▸ EXERCISE:
With the pictures left out, restate every entry word for word.

Excerpts from a dataset
━━━━━━━━━━

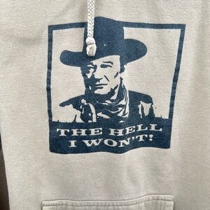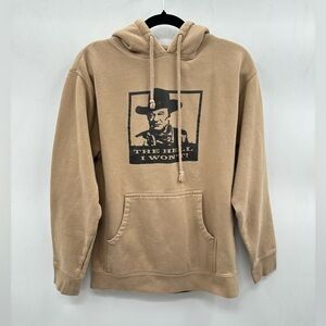 JOHN WAYNE “The hell I won’t” tan western casual cowboy cozy hood sweatshirt S
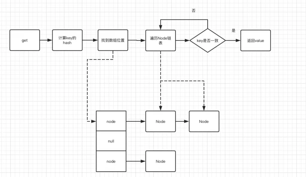 3、如果数组位置有Node节点,则遍历这个Node节点的链表,当且仅当key以及hash都一样的时候,则认为找到了,然后返回value值
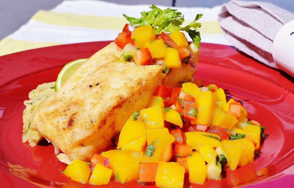 (English recipe follows…) Delray Beach, c’est le soleil de Floride. C’est le refuge de mon père et de sa blonde Nicole pour fuir la neige et la gadoue, pendant les longs mois d’hiver… J’ai eu la chance de passer une semaine à Delray l’an dernier, et y ai joué mon premier 18 trous de golf à vie. Je vous propose un remake d’un « pas pire » souper que j’avais préparé à mes hôtes. Il s’agit de beaux pavés de poisson marinés puis poêlés, servis avec une salsa de mangue et une purée de pommes de terre épicée. La salsa de Delray provenait du marché local, soit le Boys’ market, là où les empilades de fruits, légumes et produits du monde entier défient par miracle la loi de la gravité. Je suis plutôt fière de ma salsa, qui est aussi fraîche et savoureuse que sa cousine floridienne…
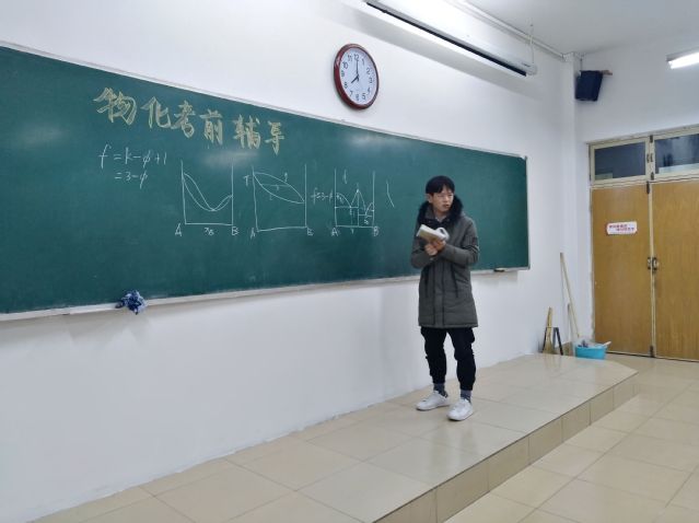 为切实落实公司学风建设工作,帮助同学解决《物理化学》课程学习中的困惑,更有针对性地备战期末,使同学们在期末考试中能取得好成绩,12月11号,生命科学公司制药工程1704班在13号教学楼222教室举行物理化学辅导活动。此次活动由该班学习委员韩馨萍主持,特邀请魏萌、魏红梅、张义丰、龚畅达、刘信强以及黄新磊六位同学为大家梳理知识点、考点,班级全体成员共同参加。
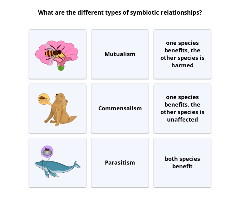 Symbiosis Worksheets - Math Worksheets 4 Kids Symbiosis Key terms. This 6th grade worksheet pdf defines the key terms like host, symbiont, organism, etc. associated with symbiosis in the form of a match-exercise is very useful in comprehending the concept. Symbiotic Relationship Chart. Symbiotic relationships are found throughout the natural world.
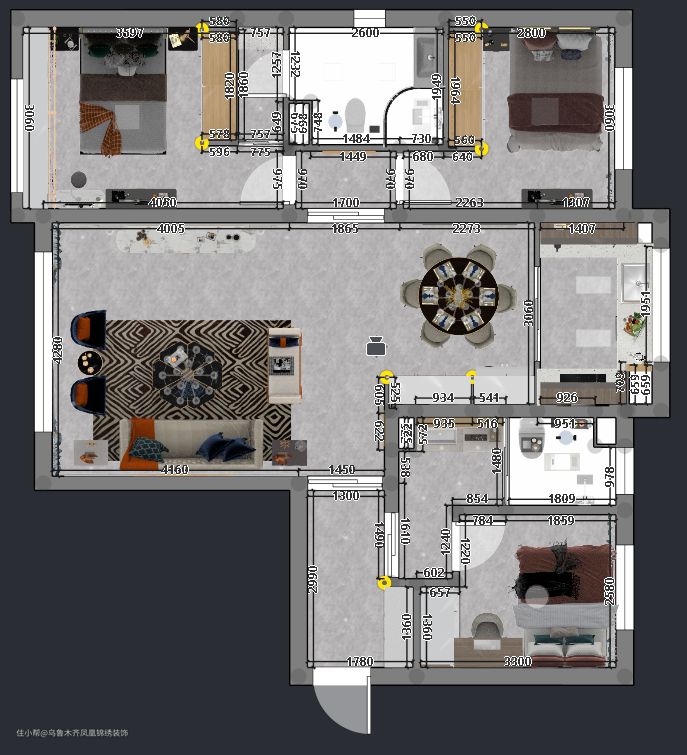业主需求:追求时尚,家里有小孩,父母经常会来家里照顾小孩子,后期东西物品可能会比较多,希望多一些收纳空间,希望有小两口的私密空间。
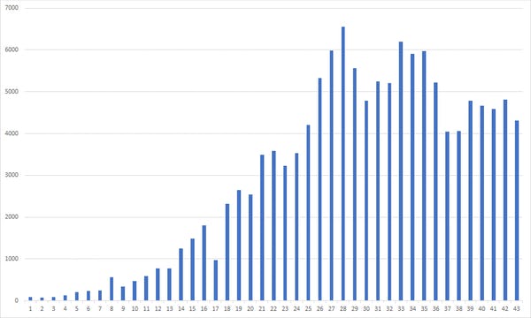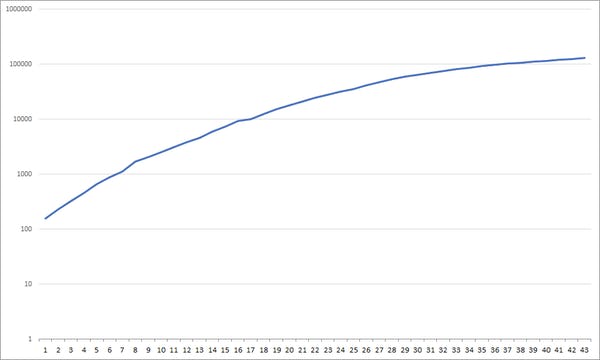 Like the log scale graph, the graph above also shows that the daily rate of increase in total cases has dropped steadily over the 43 days.
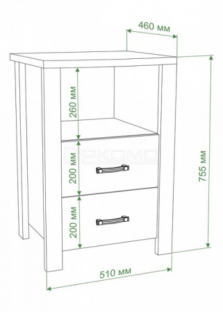 - 1 полка, 2 ящика
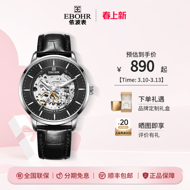 EBOHR依波表礼物手表男大师系列官方镂空自动机械表品牌男表5646
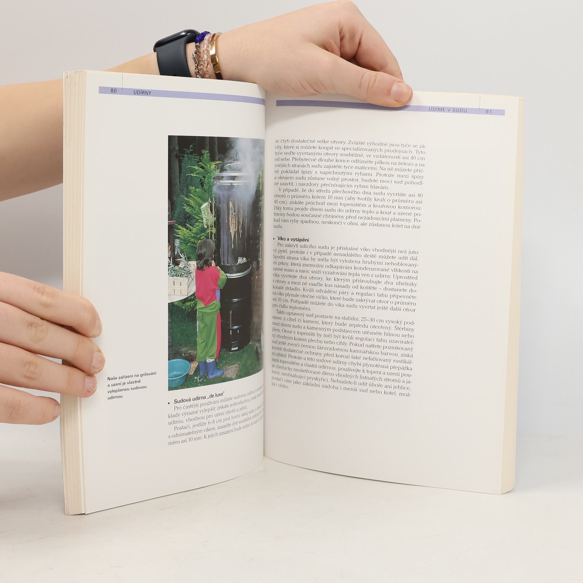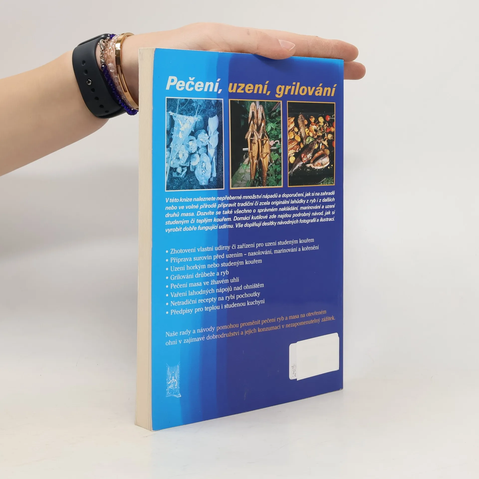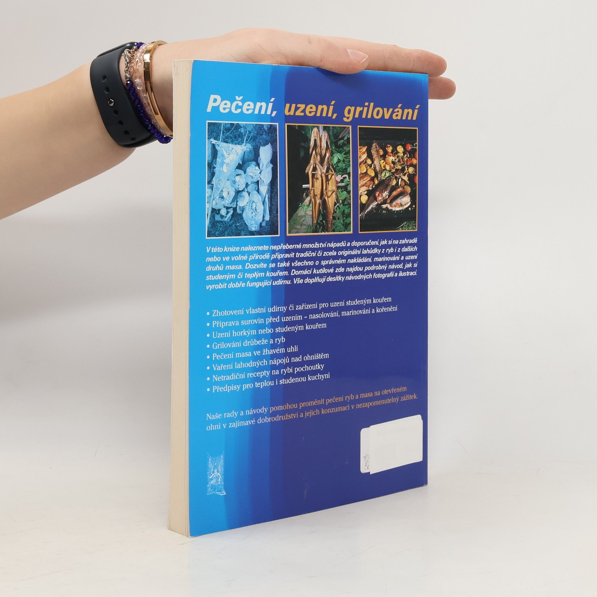 V této knize naleznete nepřeberné množství nápadů a doporučení, jak si na zahradě nebo ve volné přírodě připravit tradiční či zcela originální lahůdky z ryb i z dalších druhů masa. Dozvíte se také všechno o správném nakládání, marinování a uzení studeným či teplým kouřem. Domácí kutilové zde najdou podrobný návod, jak si vyrobit dobře fungující udírnu. Vše doplňují desítky návodných fotografií a ilustrací. Stavba vlastní udírny či zařízení pro uzení studeným kouřem Příprava surovin před uzením – nasolování, marinování a kořenění Uzení horkým nebo studeným kouřem Grilování drůbeže a ryb Pečení masa ve žhavém uhlí Vaření lahodných nápojů nad ohništěm Netradiční recepty na rybí pochoutky Předpisy pro teplou i studenou kuchyni Naše rady a návody pomohou proměnit pečení ryb na otevřeném ohni v zajímavé dobrodružství a jejich konzumaci v nezapomenutelný zážitek.
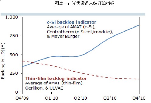隨著2011年所公布的超越60%年度增長率的產(chǎn)能的擴(kuò)張,首選設(shè)備供應(yīng)商的訂單使得未結(jié)訂單總量創(chuàng)下新記錄,超過了2008年由高價格交鑰匙薄膜生產(chǎn)線業(yè)務(wù)推動的水平。2010年第四季度末,有20家設(shè)備供應(yīng)商的訂單積累已經(jīng)超過了1億美金,這些訂單主要的出貨時間集中在2011年上半年。目前的未結(jié)訂單總量與2009年第四季度相比有26%的增長,導(dǎo)致2010年的訂單出貨比原高于上一年水平(1.24),其中2010年第二季度的更是創(chuàng)下了1.7的八季高點。
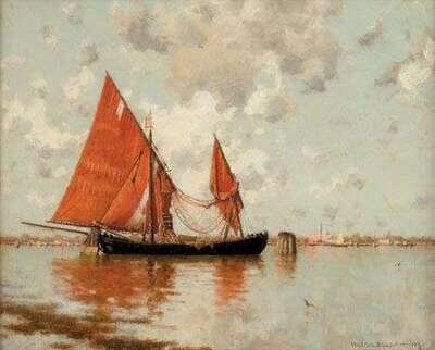 WALTER BLACKMAN (AMERICAN 1847-1928) FISHING BOAT AT ANCHOR
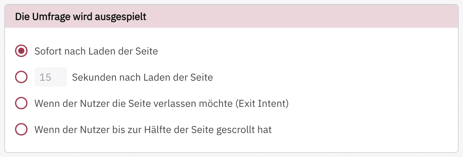 In der Sektion „die Umfrage wird ausgespielt“ kannst du entscheiden, wann deine Umfrage ausgespielt werden soll. Du hast vier Optionen:
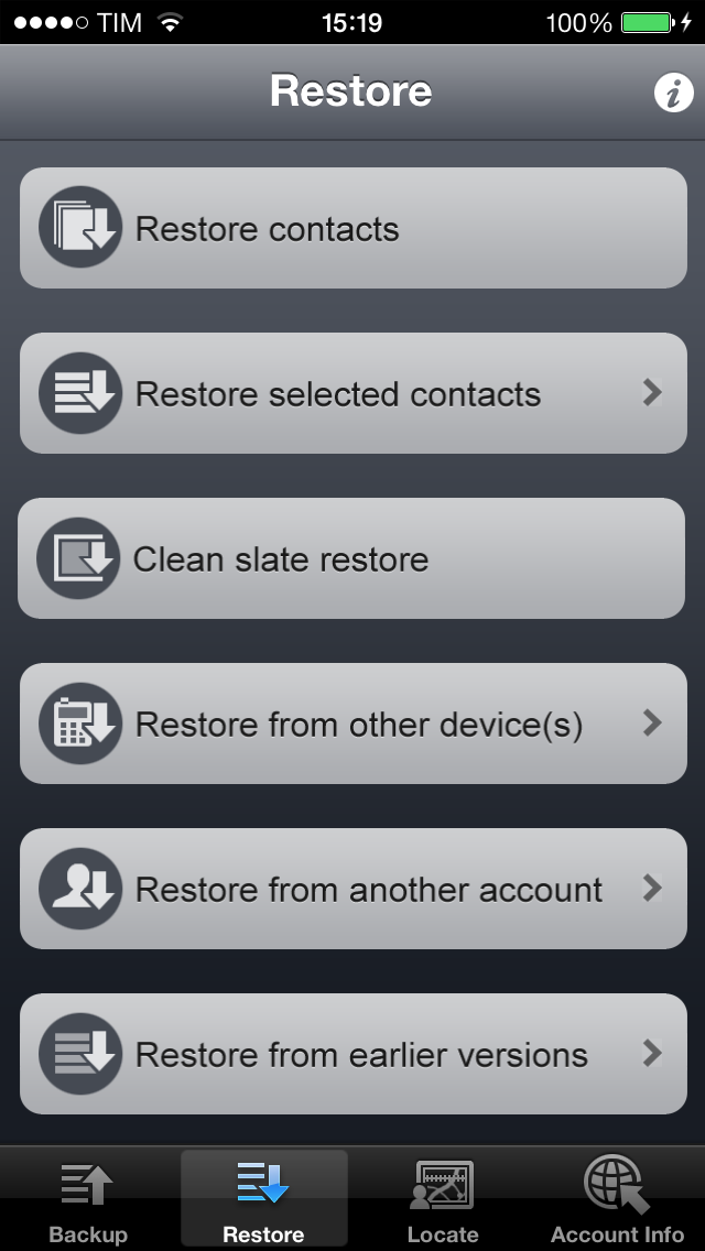 Para restaurar os contatos basta instalar este mesmo aplicativo (iDrive Lite) em um outro celular (iPhone / Blackberry / Android)
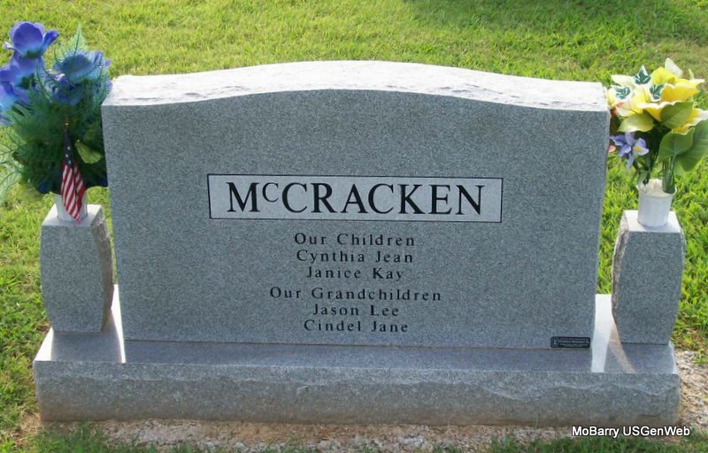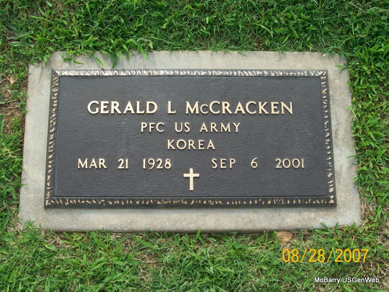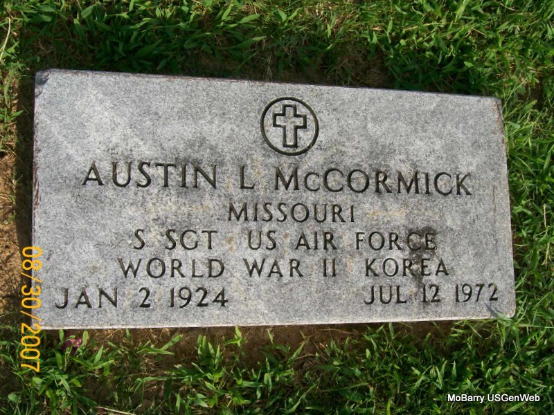 | MCCORMICK, Austin, L. | Jan. 2, 1924 | July 12, 1972 | Inscription: "MISSOURI S SGT US AIR FORCE WORLD WAR II KOREA" - Research Note: 1940 Census, Monett, Barry, Missouri - Maud McCormick, head, age 39, divorced, born MO, hotel waitress; June, daughter, age 20, born MO; Austin, son, age 16, born MO. | Census Phyllis Long Photo Jay Trace |
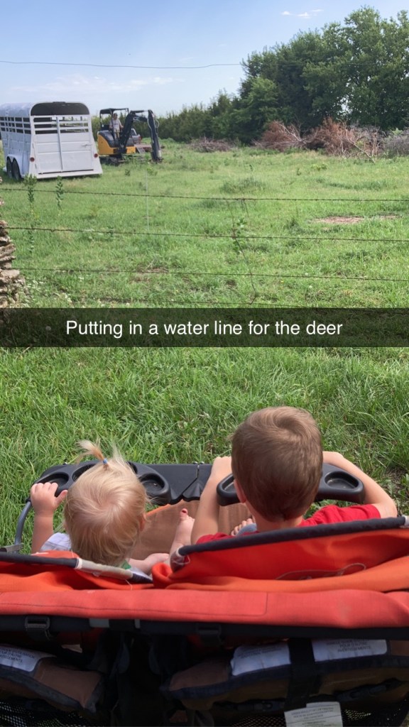 Brendan spent time this summer installing a water line to our deer pen to create a more permanent water source for our fallow deer. This has replaced the original 4 garden hose system from the nearest shed. Huge upgrade for sure! It is definitely a relief to have a reliable water system in place including options to expand from this line if we choose to expand or segment our current deer pen.

━━━━━━━━━━

▸ TASK SOLUTION:
 JOHN WAYNE “The hell I won’t” tan western casual cowboy cozy hood sweatshirt S
 3、如果数组位置有Node节点,则遍历这个Node节点的链表,当且仅当key以及hash都一样的时候,则认为找到了,然后返回value值
 (English recipe follows…) Delray Beach, c’est le soleil de Floride. C’est le refuge de mon père et de sa blonde Nicole pour fuir la neige et la gadoue, pendant les longs mois d’hiver… J’ai eu la chance de passer une semaine à Delray l’an dernier, et y ai joué mon premier 18 trous de golf à vie. Je vous propose un remake d’un « pas pire » souper que j’avais préparé à mes hôtes. Il s’agit de beaux pavés de poisson marinés puis poêlés, servis avec une salsa de mangue et une purée de pommes de terre épicée. La salsa de Delray provenait du marché local, soit le Boys’ market, là où les empilades de fruits, légumes et produits du monde entier défient par miracle la loi de la gravité. Je suis plutôt fière de ma salsa, qui est aussi fraîche et savoureuse que sa cousine floridienne…
 为切实落实公司学风建设工作,帮助同学解决《物理化学》课程学习中的困惑,更有针对性地备战期末,使同学们在期末考试中能取得好成绩,12月11号,生命科学公司制药工程1704班在13号教学楼222教室举行物理化学辅导活动。此次活动由该班学习委员韩馨萍主持,特邀请魏萌、魏红梅、张义丰、龚畅达、刘信强以及黄新磊六位同学为大家梳理知识点、考点,班级全体成员共同参加。
 Symbiosis Worksheets - Math Worksheets 4 Kids Symbiosis Key terms. This 6th grade worksheet pdf defines the key terms like host, symbiont, organism, etc. associated with symbiosis in the form of a match-exercise is very useful in comprehending the concept. Symbiotic Relationship Chart. Symbiotic relationships are found throughout the natural world.
业主需求:追求时尚,家里有小孩,父母经常会来家里照顾小孩子,后期东西物品可能会比较多,希望多一些收纳空间,希望有小两口的私密空间。
 Like the log scale graph, the graph above also shows that the daily rate of increase in total cases has dropped steadily over the 43 days.
 - 1 полка, 2 ящика
 EBOHR依波表礼物手表男大师系列官方镂空自动机械表品牌男表5646
 V této knize naleznete nepřeberné množství nápadů a doporučení, jak si na zahradě nebo ve volné přírodě připravit tradiční či zcela originální lahůdky z ryb i z dalších druhů masa. Dozvíte se také všechno o správném nakládání, marinování a uzení studeným či teplým kouřem. Domácí kutilové zde najdou podrobný návod, jak si vyrobit dobře fungující udírnu. Vše doplňují desítky návodných fotografií a ilustrací. Stavba vlastní udírny či zařízení pro uzení studeným kouřem Příprava surovin před uzením – nasolování, marinování a kořenění Uzení horkým nebo studeným kouřem Grilování drůbeže a ryb Pečení masa ve žhavém uhlí Vaření lahodných nápojů nad ohništěm Netradiční recepty na rybí pochoutky Předpisy pro teplou i studenou kuchyni Naše rady a návody pomohou proměnit pečení ryb na otevřeném ohni v zajímavé dobrodružství a jejich konzumaci v nezapomenutelný zážitek.
隨著2011年所公布的超越60%年度增長率的產(chǎn)能的擴(kuò)張,首選設(shè)備供應(yīng)商的訂單使得未結(jié)訂單總量創(chuàng)下新記錄,超過了2008年由高價格交鑰匙薄膜生產(chǎn)線業(yè)務(wù)推動的水平。2010年第四季度末,有20家設(shè)備供應(yīng)商的訂單積累已經(jīng)超過了1億美金,這些訂單主要的出貨時間集中在2011年上半年。目前的未結(jié)訂單總量與2009年第四季度相比有26%的增長,導(dǎo)致2010年的訂單出貨比原高于上一年水平(1.24),其中2010年第二季度的更是創(chuàng)下了1.7的八季高點。
 WALTER BLACKMAN (AMERICAN 1847-1928) FISHING BOAT AT ANCHOR
 In der Sektion „die Umfrage wird ausgespielt“ kannst du entscheiden, wann deine Umfrage ausgespielt werden soll. Du hast vier Optionen:
 Para restaurar os contatos basta instalar este mesmo aplicativo (iDrive Lite) em um outro celular (iPhone / Blackberry / Android)
 | MCCORMICK, Austin, L. | Jan. 2, 1924 | July 12, 1972 | Inscription: "MISSOURI S SGT US AIR FORCE WORLD WAR II KOREA" - Research Note: 1940 Census, Monett, Barry, Missouri - Maud McCormick, head, age 39, divorced, born MO, hotel waitress; June, daughter, age 20, born MO; Austin, son, age 16, born MO. | Census Phyllis Long Photo Jay Trace |
 Brendan spent time this summer installing a water line to our deer pen to create a more permanent water source for our fallow deer. This has replaced the original 4 garden hose system from the nearest shed. Huge upgrade for sure! It is definitely a relief to have a reliable water system in place including options to expand from this line if we choose to expand or segment our current deer pen.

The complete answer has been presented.